И в цепкой, ничего не упускающей памяти высветилась уходящая глубоко в прошлое, до мельчайших деталей рельефная картина, скорее похожая на схему или карту, – это был заранее определенный и разработанный во всех подробностях путь длиной в целую жизнь, путь к нынешнему горнему пику. У него осталось не так много времени для воплощения задуманного, зато под ногами теперь твердая, надежная почва.
Блеснув стеклами очков, скрывающими холодные глаза, Андропов повернулся и вышел в коридор, Казьмин последовал за ним и здесь коротко и четко, по военному сухо, доложил о случившемся.
Внимательно выслушав, не задав ни одного вопроса и лишь, как показалось Казьмину, сочувственно кивая, Андропов поднял глаза.

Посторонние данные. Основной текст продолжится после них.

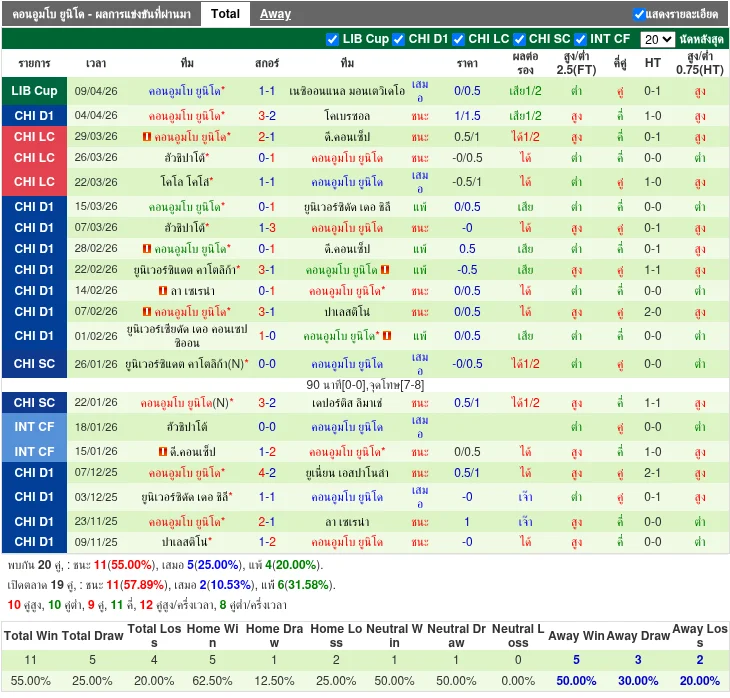ฟอร์มทีมเยือน: คอนอูมโบ ยูนิโด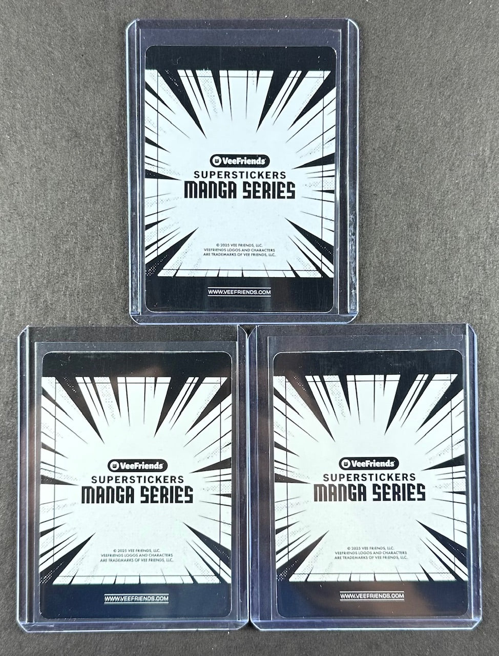 VeeFriends Super Stickers – Likable Leopard 3-Card Bundle – Green Splash /99 + Orange Splash /199 + Purple Splash /55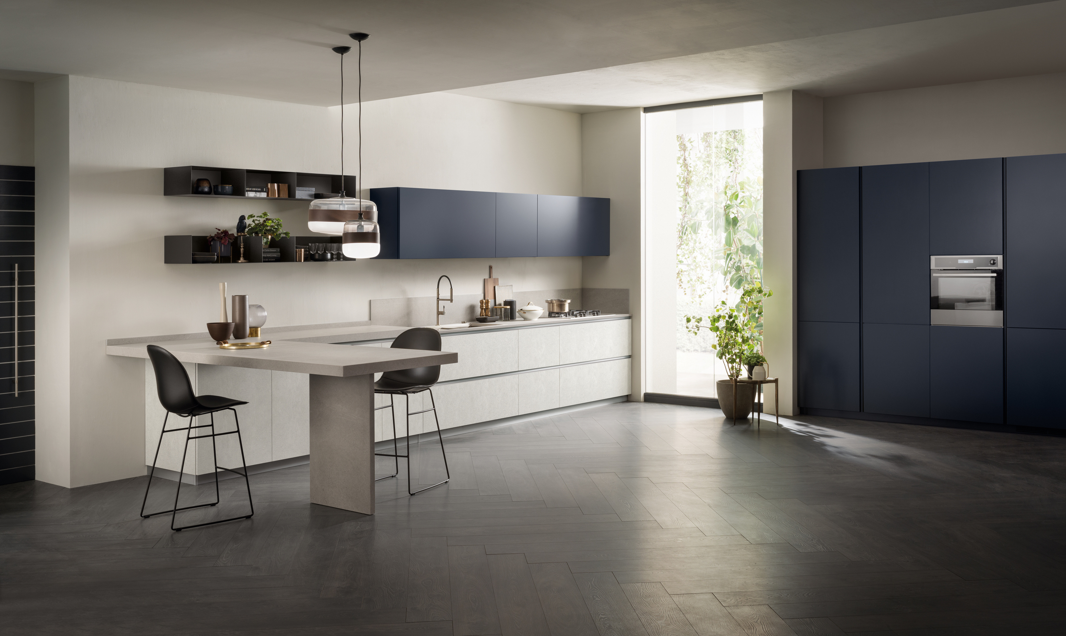 精致考究的色彩组合,让您可以使用或鲜艳强烈的色彩,或中性色调为主的简约色彩,打造都市风格的环境。各种细节体现了功能性和美观性的完美结合:从设备齐全的“Setup”护墙板,到配备了嵌入式餐桌和喷漆金属吊柜结合倾斜门板吊柜的中岛解决方案,直到用于电器和洗碗机的大容量高柜。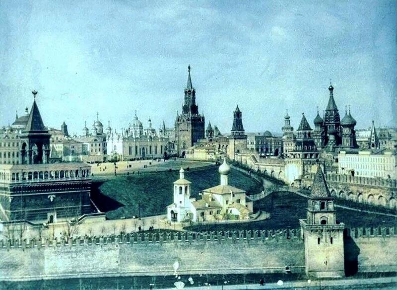 1908 год, Москва. Церковь Константина и Елены, мемориал Александру Второму, Николаевский дворец, Вознесенский и Чудов монастырь, в одном кадре присутствует почти все утраченное в Кремле 1918-1933 годах.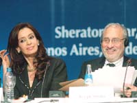 La de la tarde fue la mesa más política, dada la presencia de Cristina Kirchner y del jefe de Gabinete, Alberto Fernández. La completaban el economista Roberto Frenkel y el secretario general adjunto de la ONU, José Antonio Ocampo, mientras que el moderador fue el director de Télam, Martín Granovsky. El cierre quedó para el premio Nobel, que no podía extenderse en su ponencia más allá de las 18: tenía que salir para Ezeiza para subirse al avión que lo trasladaría a Seattle para una nueva conferencia. Pero por el mal tiempo no pudo utilizar el helicóptero que le habían puesto a su disposición, fue en remise y perdió el vuelo.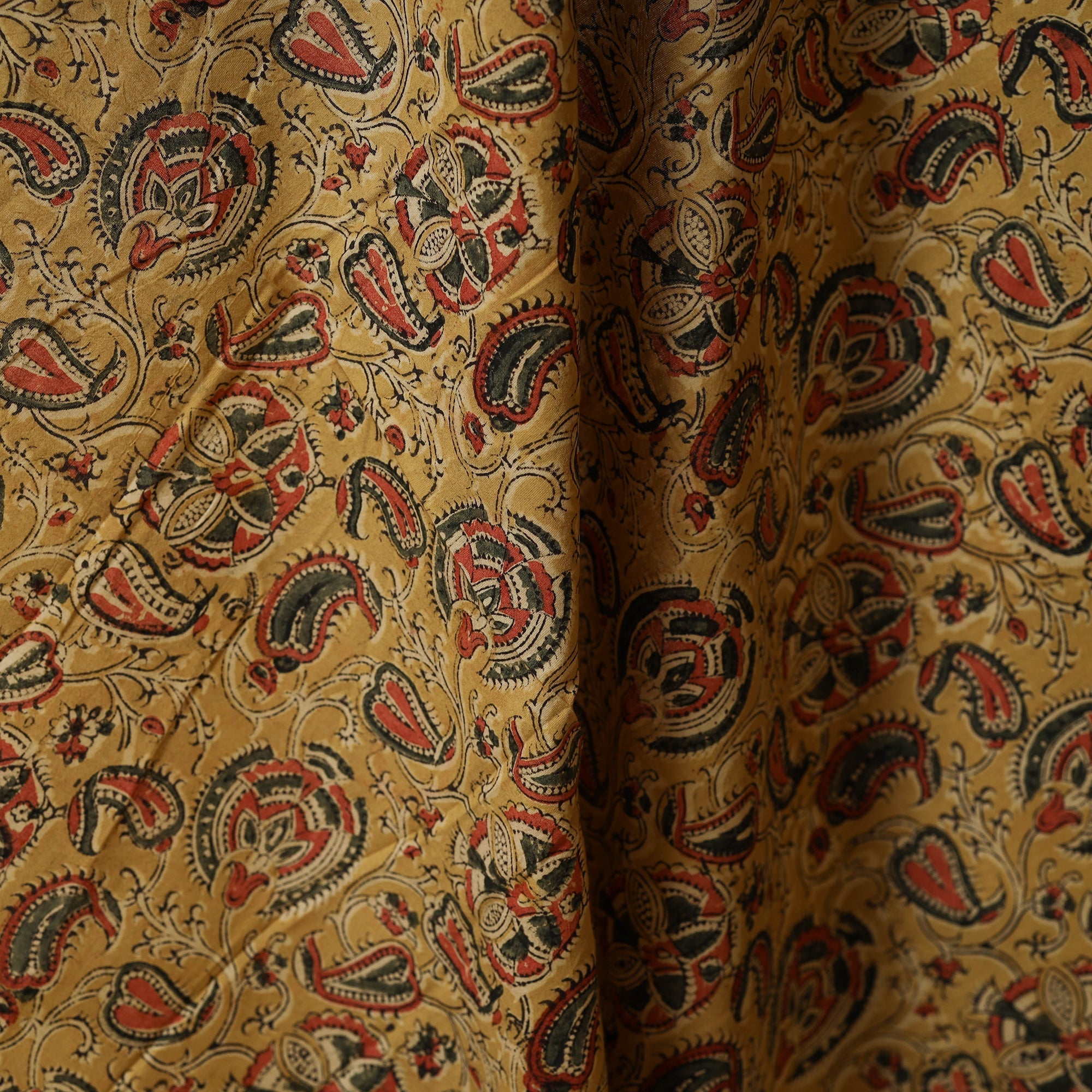 • Yellow - natural dyed cotton pedana kalamkari fabric 17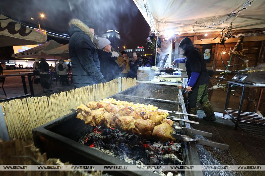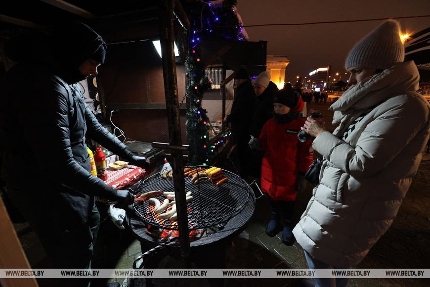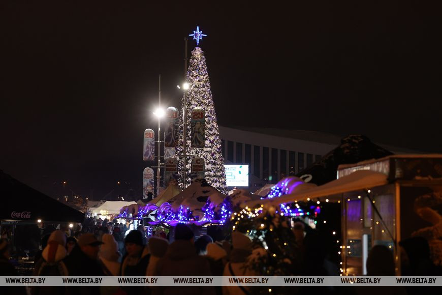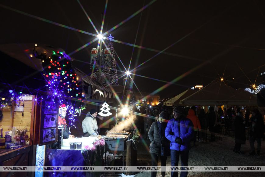 Рождественская ярмарка "Калядны кiрмаш" пройдет с 17 декабря по 15 января на площадке у Дворца спорта. В католическое Рождество в рамках ярмарки с 18.00 до 19.00 будет организовано театрализованное интерактивное шоу "Сказка в моменте", а также с 19.30 до 22.00 - развлекательная программа "Шчодры вечар". В новогоднюю ночь на площадке у Дворца спорта с 0.30 до 4.00 пройдет танцевальное шоу "Новый год для всех". А 7 января с 18.00 до 21.00 состоится концерт для всей семьи "С Рождеством и Новым годом", в программу которого включено проведение конкурса на "Лучший торговый объект общепита".-0-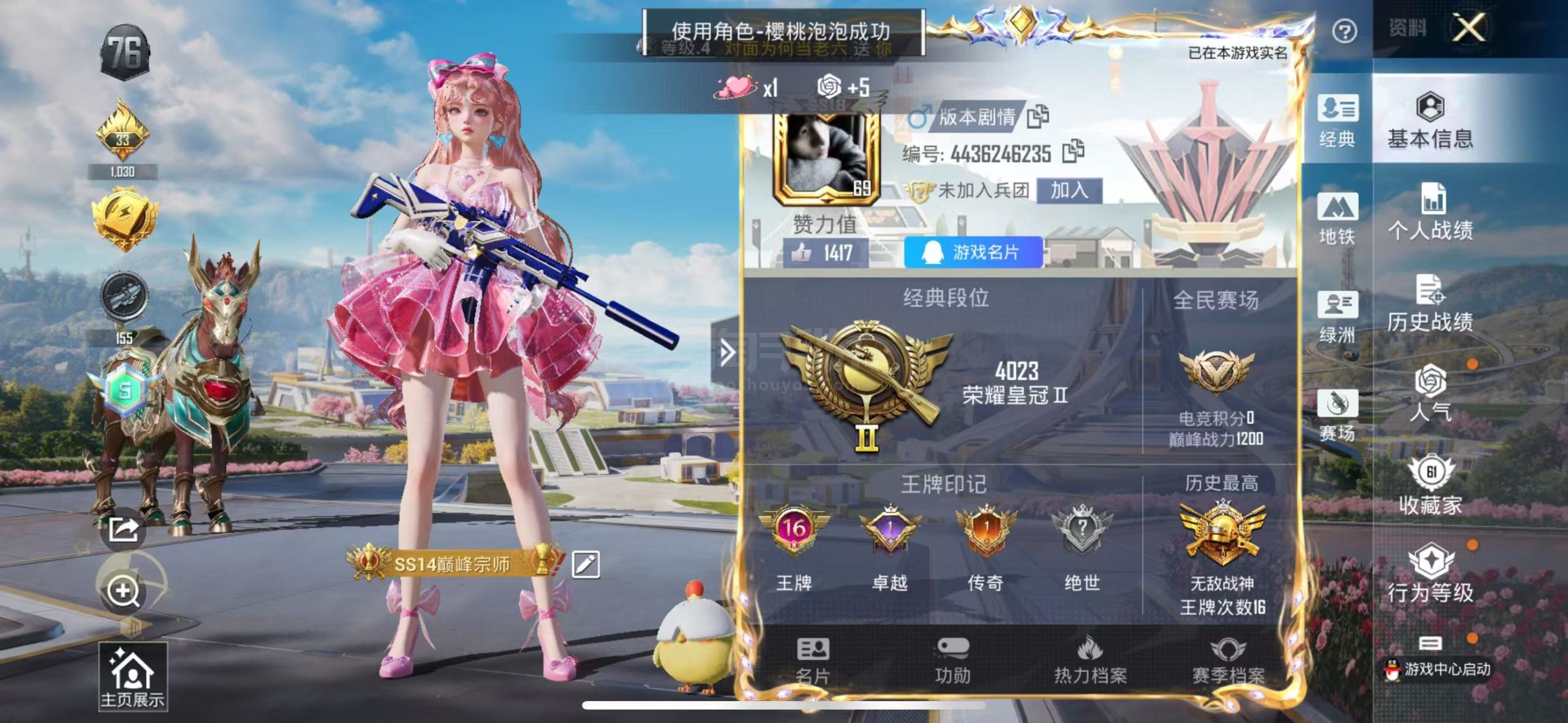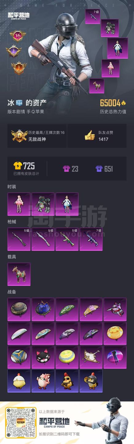 hs46108 苹果手Q-16王牌印记-有战神框-3粉装-4特效枪-1载具-65034热力值-153

– Не нам, не нам, а имени твоему, – негромко сказал он, выражая какой то особый смысл, ведомый только ему, и у Казьмина, в свою очередь, закаленного в своем многолетне тлевшем, но никогда не угасавшем горниле рядом с покойным ныне генсеком, в лице не дрогнул ни один мускул. – Да, да, не нам, не нам, а имени твоему, – вновь обронил Андропов. – Будем мужественны, здесь, видимо, ничем уже не поможешь. А как Виктория Петровна?
– Была в столовой, завтракала. Я не решился сообщить…
– Правильно.
Повернувшись, Андропов пошел по коридору к лестнице вниз, как всегда невозмутимый и непонятный. Новый вестник грядущих катастроф и перемен, он удалялся словно в прозрачной, неосязаемой капсуле, и Казьмин проводил его глазами. Большой загородный дом, так досконально и подробно им изученный, начинал менять свое лицо, свою сущность, – еще немного времени, и сюда вселятся новые хозяева, может быть, и не такие важные и высокие, но самому ему это будет уже безразлично. Законы его родного ведомства всеобъемлющи и таинственны, в них заложена бессмертная формула творчества беззакония.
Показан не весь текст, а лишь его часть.